How can the idiot not reasonably expect to be questioned, in a country where people shoot people en masse? I appreciate the guys right to carry, but a little common sense would help also. Seems to me he is doing it to be purposely antagonistic. No one can seriously expect to openly carry, legal or not, and not be questioned.
It's not illegal to be naked in the street where I live, but if people call and complain the cops will make them cover up.
edit on 6/25/2012 by ANOK because: (no reason given)
Originally posted by TheRedneck
reply to post by WhatAreThey
My standards are obviously just higher than yours.
... within the realms of that questioning being warranted in the first place.
The guy was not formally questioned.
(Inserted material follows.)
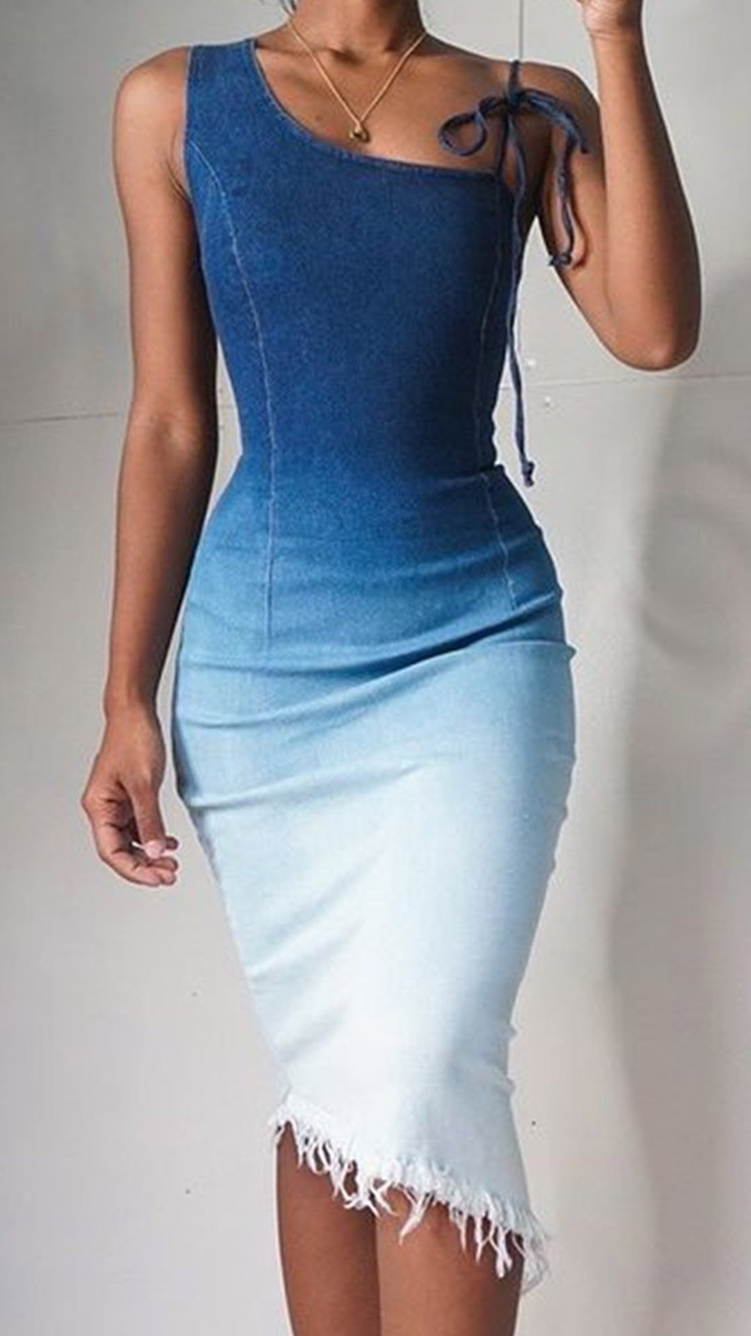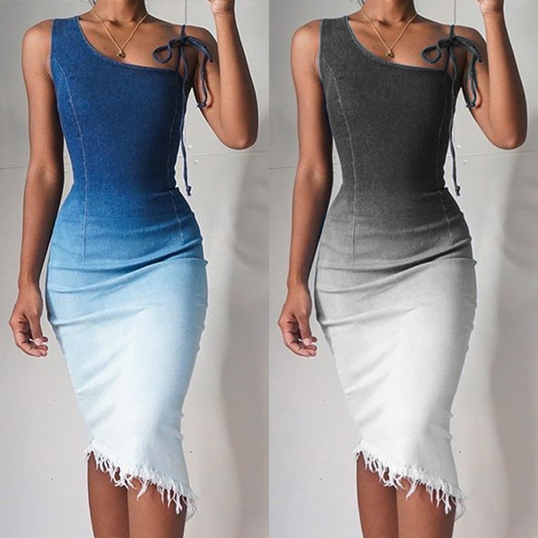 You can easily be the focus when you dress yourself up with this dress. One-shoulder style,finished with a super-fit silhouette,this dress can showcase your slender figure. Moreover,the color gradient and irregular tassel hem design will make this piece look more distinctive and attractive. For your fancy events,this dress can be your wise choice.

The cop asked him his name.
And we don't know the situation from the other side. What did the guy with the camera look like? How was he acting beforehand? I have stopped and talked to people walking down the road in front of my house many times... if they look like they might be out looking for trouble, I stop and ask "Can I help you?"
Again, there was no force used, no official detainment, no arrest, no charges. All the cop did was talk to him and ask his name.
It's not illegal until it becomes harassment, which was what was clearly happening to the man in the video. He wasn't just asking a question, but asking to see the man's ID. Over, and over.
Harassment is following someone every time they drive within jurisdiction, waiting to catch a wobble. Harassment is questioning someone every day for a month trying to find something, anything, to arrest them on. I saw harassment when I was younger... got news for ya, this ain't it.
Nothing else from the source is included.